[Opening Exercise materials section]

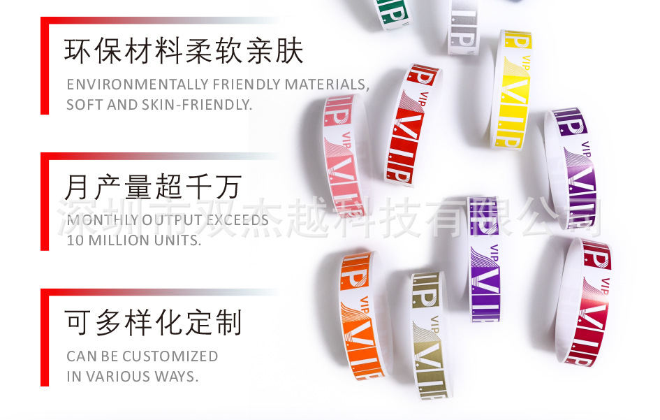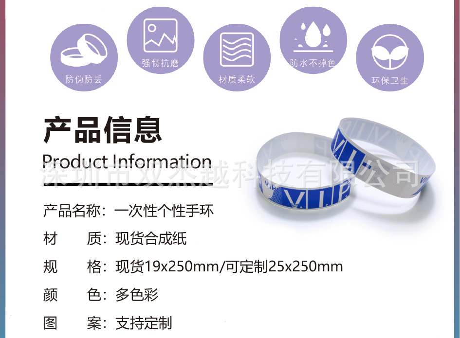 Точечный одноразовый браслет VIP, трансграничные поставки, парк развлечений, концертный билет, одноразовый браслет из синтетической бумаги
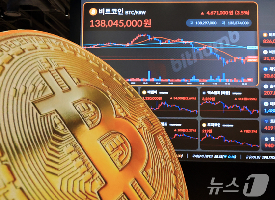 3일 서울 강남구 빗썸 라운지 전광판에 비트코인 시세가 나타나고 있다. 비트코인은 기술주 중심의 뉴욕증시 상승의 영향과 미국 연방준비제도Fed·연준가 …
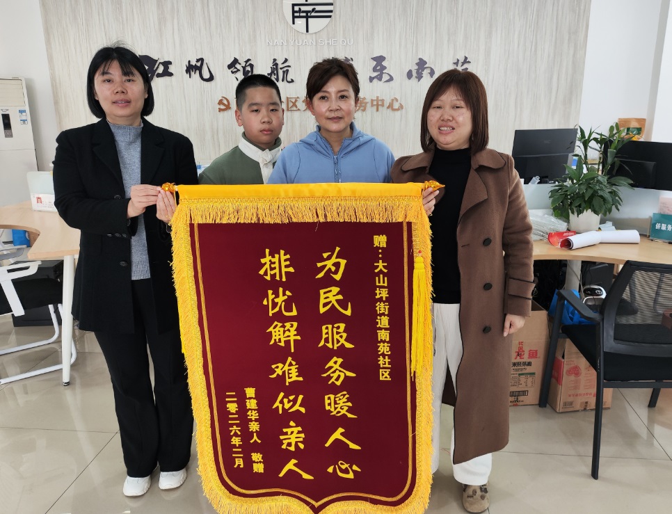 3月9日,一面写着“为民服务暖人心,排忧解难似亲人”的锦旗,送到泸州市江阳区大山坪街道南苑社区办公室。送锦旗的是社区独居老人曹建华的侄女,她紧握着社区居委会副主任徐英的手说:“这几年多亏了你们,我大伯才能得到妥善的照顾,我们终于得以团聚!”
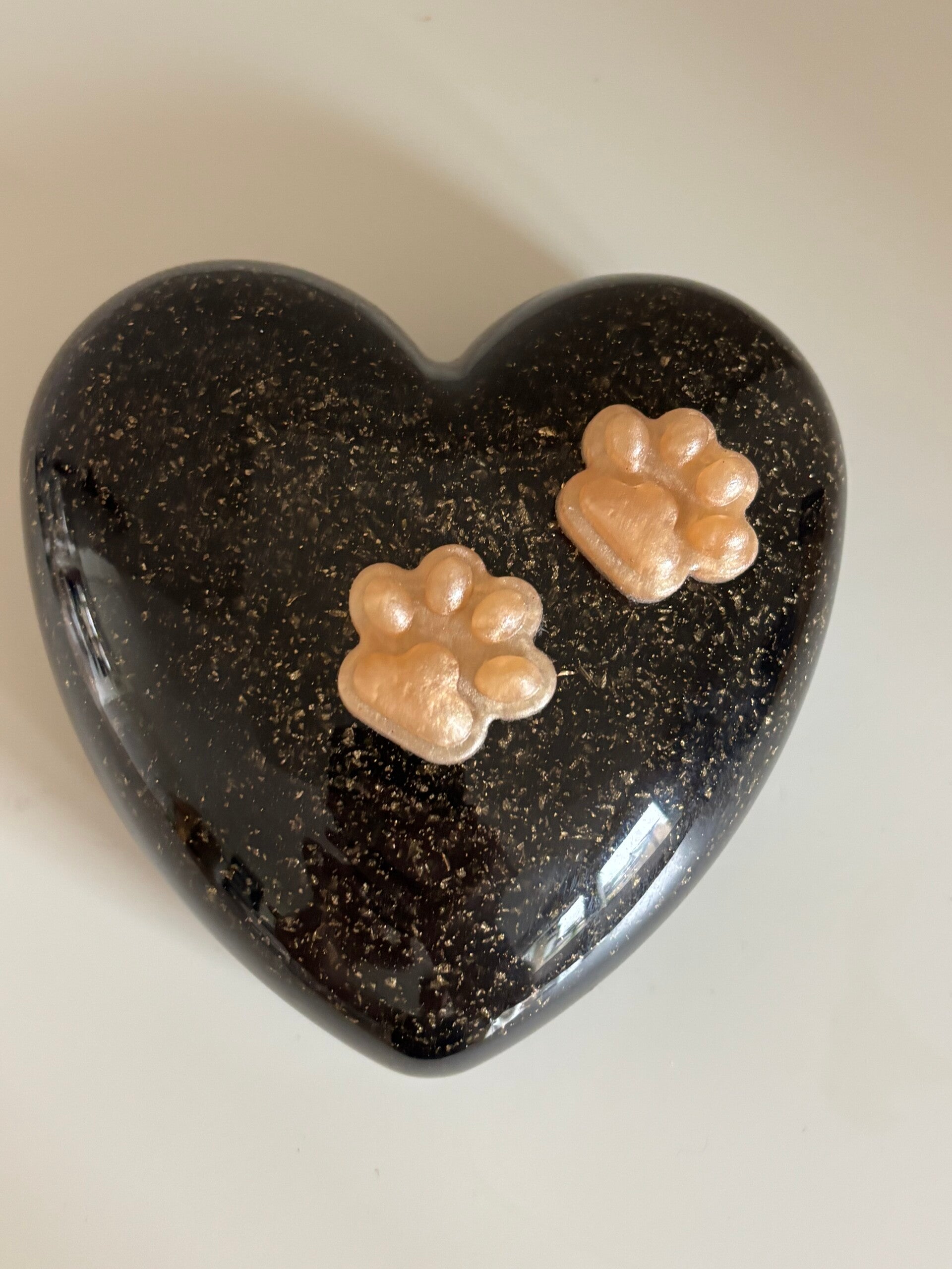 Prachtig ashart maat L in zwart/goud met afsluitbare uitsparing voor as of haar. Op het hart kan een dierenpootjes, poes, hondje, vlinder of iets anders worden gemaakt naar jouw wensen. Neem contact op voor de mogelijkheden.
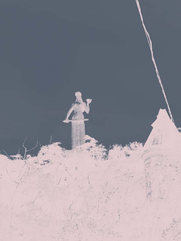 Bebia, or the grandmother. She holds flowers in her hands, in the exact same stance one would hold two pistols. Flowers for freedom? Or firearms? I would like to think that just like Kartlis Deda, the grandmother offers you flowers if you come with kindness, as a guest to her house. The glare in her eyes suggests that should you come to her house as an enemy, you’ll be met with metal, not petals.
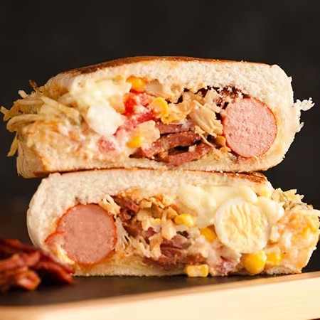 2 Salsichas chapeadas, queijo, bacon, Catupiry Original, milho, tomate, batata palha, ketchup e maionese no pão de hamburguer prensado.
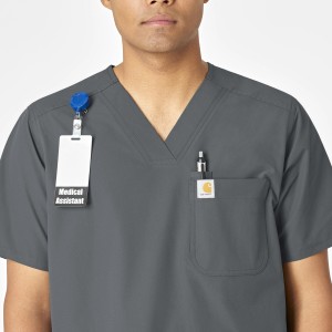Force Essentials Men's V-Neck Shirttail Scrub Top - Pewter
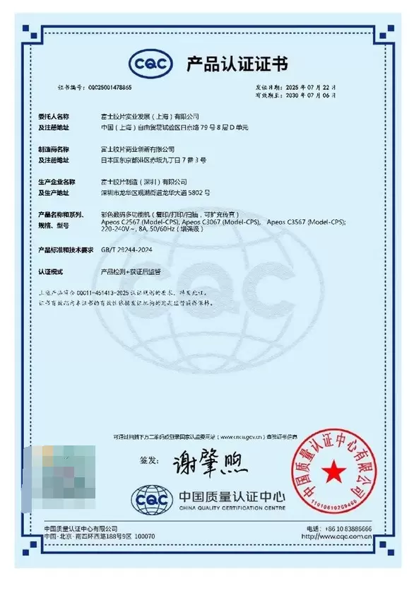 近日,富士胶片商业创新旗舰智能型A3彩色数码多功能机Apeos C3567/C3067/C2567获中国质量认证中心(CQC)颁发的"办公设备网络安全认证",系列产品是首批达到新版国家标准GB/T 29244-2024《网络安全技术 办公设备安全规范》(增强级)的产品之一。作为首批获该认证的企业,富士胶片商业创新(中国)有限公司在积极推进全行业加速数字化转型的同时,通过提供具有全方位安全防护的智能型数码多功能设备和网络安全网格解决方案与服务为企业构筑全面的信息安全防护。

[Closing Exercise materials section]
[Opening Exercise materials section]

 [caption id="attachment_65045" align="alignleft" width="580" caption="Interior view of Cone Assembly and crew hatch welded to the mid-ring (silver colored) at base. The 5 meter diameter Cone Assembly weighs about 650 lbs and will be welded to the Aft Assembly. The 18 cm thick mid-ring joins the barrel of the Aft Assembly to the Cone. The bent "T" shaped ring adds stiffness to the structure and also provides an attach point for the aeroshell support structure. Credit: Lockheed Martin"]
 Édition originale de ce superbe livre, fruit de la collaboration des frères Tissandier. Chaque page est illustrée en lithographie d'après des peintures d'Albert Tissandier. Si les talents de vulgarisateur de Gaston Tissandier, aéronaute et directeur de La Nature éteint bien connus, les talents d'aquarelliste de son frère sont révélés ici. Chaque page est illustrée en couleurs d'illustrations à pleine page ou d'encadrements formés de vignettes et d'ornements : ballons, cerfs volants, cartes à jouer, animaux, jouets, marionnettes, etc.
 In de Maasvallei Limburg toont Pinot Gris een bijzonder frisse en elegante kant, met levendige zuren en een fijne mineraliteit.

[Closing Exercise materials section]

--- What is expected ---
Above, find the line with "Точечный одноразовый браслет"; copy it and every line down to the line with "Prachtig ashart maat", exactly and both included, but no pictures.

--- Completed task ---
 Точечный одноразовый браслет VIP, трансграничные поставки, парк развлечений, концертный билет, одноразовый браслет из синтетической бумаги
 3일 서울 강남구 빗썸 라운지 전광판에 비트코인 시세가 나타나고 있다. 비트코인은 기술주 중심의 뉴욕증시 상승의 영향과 미국 연방준비제도Fed·연준가 …
 3月9日,一面写着“为民服务暖人心,排忧解难似亲人”的锦旗,送到泸州市江阳区大山坪街道南苑社区办公室。送锦旗的是社区独居老人曹建华的侄女,她紧握着社区居委会副主任徐英的手说:“这几年多亏了你们,我大伯才能得到妥善的照顾,我们终于得以团聚!”
 Prachtig ashart maat L in zwart/goud met afsluitbare uitsparing voor as of haar. Op het hart kan een dierenpootjes, poes, hondje, vlinder of iets anders worden gemaakt naar jouw wensen. Neem contact op voor de mogelijkheden.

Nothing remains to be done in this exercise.